15. Output files (EMS might be the name of the prefix you chose above for your output file names).
a. EMS.allSNPs.txt: All the SNPs that Simple found compared to the background genome, usually caused by the mutagenesis process.
b. EMS.candidates.txt: The genes that are likely to be the causal mutation; notice that there can be more than one gene due to linkage. Another case is that there are no genes. In this scenario, browse the EMS.allSNPs.txt file for genes with high score in the ratio column, that affect the protein (e.g., missense, stop_gained) and that have reasonable coverage (columns mut.ref, mut.alt, wt.ref and wt.alt).
c. EMS.Rplot_allele.pdf: Representation of the allelic distribution in the WT and mutant bulks. This file is useless and you can ignore it.
d. EMS.Rplot.loess.1.pdf and EMS.Rplot.loess.3.pdf: Graphical representation of the results with allelic ratio column above 0.1 and 0.3, respectively. Your gene is likely to show in one of the highest peaks with a y-axis value of ~0.66 and if it appears in the EMS.candidates.txt file, it will also be marked in these plots.

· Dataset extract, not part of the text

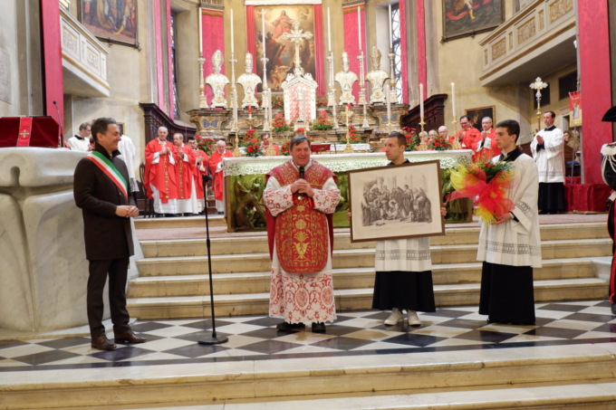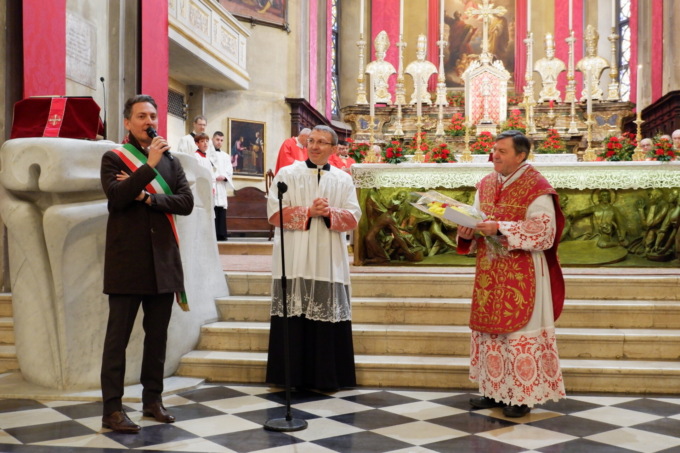 Al termine della cerimonia civile si è tenuta la Messa solenne in Duomo, presieduta dal prevosto, monsignor Gian Maria Fattorini, al termine della quale si è svolto lo scambio dei doni tra la Parrocchia e il Comune di Chiari. L’Amministrazione comunale anche per quest’anno ha rinnovato l’impegno economico al sostegno delle opere di recupero e di restauro della chiesa della Beata Vergine di Caravaggio al cimitero monumentale, testimoniando ancora una volta l’attaccamento della comunità clarense a questo luogo dall’alto valore simbolico per la Città. La Parrocchia, invece, ha consegnato un bellissimo quadro oltre che i tradizionali fiori.

#######################Example#########################

Let's say that you want to perform a forward genetic screen and find mutations that promote wings development in dragons. You collect 5000 dragon eggs, mutagenize them and identify an M2 mutant line with some individual dragons that have no wings. Next, You extract two DNA bulks, one from the wingless dragons and one from their flying siblings and send each DNA prep for PE (paired ends) WGS (you can also have a SE but make sure you have approximately 40x coverage). Once you receive your results, unzip the files, rename them fly.wt.R1.fq, fly.wt.R2.fq, wingless.mut.R1.fq, wingless.mut.R2.fq (fq and fastq suffix are both OK) and place these files in the fastq folder. Open the file data_base.txt in the folder scripts and copy the species name, i.e., Dragon_fly to replace Arabidopsis_thaliana in the simple_variables.sh file (located in the same folder). Type the path to the Java1.8 executable. Since you noticed that in this M2 mutant line approximately 0.75 of the dragons have no wings, you assume the mutation is dominant and change the string "recessive" to dominant in the simple_variables.sh file (line 13). Follow the instructions 9-14 above to complete the process. It is that simple.